Between 2020 and 2024, consumer spending jumped by more than 30 percent. By 2030, the number of Indians able to afford discretionary purchases will have risen by half. Per-capita income, now around $2,800, is projected to approach $4,000 within a few years. In real terms, that would push tens of millions into the ‘consuming class,’ that is households earning enough to influence not just local markets but global corporate strategies. India is poised to become the world’s third-largest consumer market by the end of the decade, trailing only China and the United States.
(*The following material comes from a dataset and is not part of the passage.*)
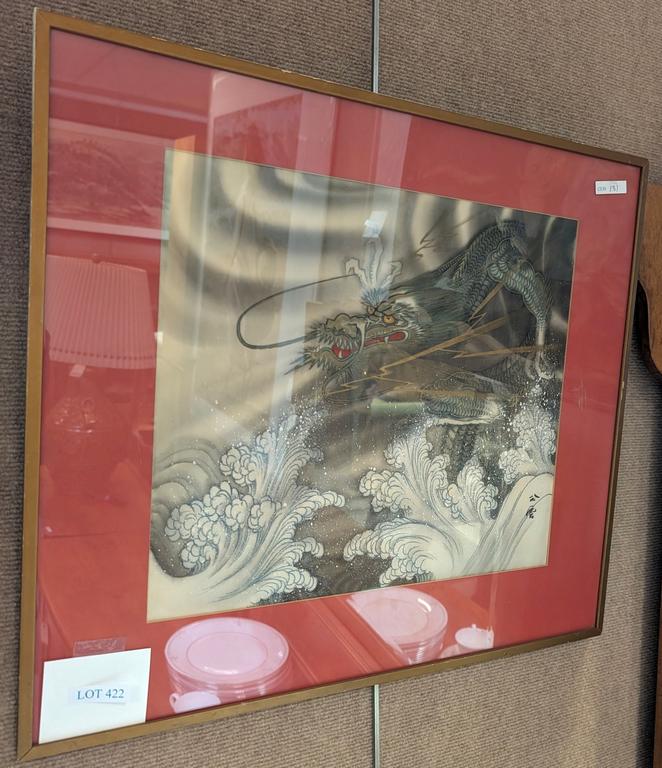 Lot 422: Japanese Style Painting Depicting A Dragon. 14.5" X 16". Framed.

Automobiles are flying off the lots, especially in smaller cities. Two-wheelers and electric vehicles are joining the mainstream. Fast-moving consumer goods form the steady heartbeat of the economy. E-commerce has become second nature, driven by digital payments and doorstep delivery. Financial products are spreading: more Indians hold credit cards, mutual funds and insurance. Healthcare, diagnostics and wellness apps are thriving. Restaurants, OTT platforms and tourism are booming as Indians increasingly value experiences as much as possessions.


The beauty of this boom is its breadth. From a packet of Parle-G to a BMW, both feed the same consumption engine at different ends of the spectrum.


And unlike earlier cycles, the surge is not confined to big cities. Tier-2 and Tier-3 towns from Surat to Siliguri now power demand for everything from smartphones to SUVs, creating a geographically diverse and durable growth base.


Investor’s opportunity

For investors, the implications are clear. Firms catering to domestic consumers - from soap-makers to smartphone vendors - enjoy a vast and resilient market. Over the past two decades, consumption-linked companies have consistently outperformed others, because people keep buying even in downturns.


One way to tap into this momentum is through thematic mutual funds that focus on consumption. Such funds spread investments across sectors, reflecting the diversity of consumer demand. For newcomers, they offer an easier, less risky way to benefit from the theme without having to pick individual stocks.


Yet patience is crucial. Consumption booms unfold gradually, occasionally tempered by inflation or shifting tastes. Over the long term, however, the trajectory remains upward. Investing in India’s consumption is, in effect, investing in its people—millions of households aspiring to a better life. It is also an implicit bet on stability: on incomes rising, cities expanding, and policy remaining supportive of domestic enterprise.


This theme suits young investors seeking long-term growth, planners saving for retirement or education, and those looking to diversify through exposure to multiple industries. It rewards discipline and a long-term mindset rather than speculation.


Consumption is not merely an economic statistic but the pulse of a changing nation. Every time someone buys a first smartphone, books a flight, or steps into a mall instead of a roadside stall, they participate in India’s transformation. For investors and policymakers alike, one truth stands out: India is not just producing or exporting more but spending more. And where its people spend, growth inevitably follows.


(The writer is a Bengaluru-based freelancer. Views personal.)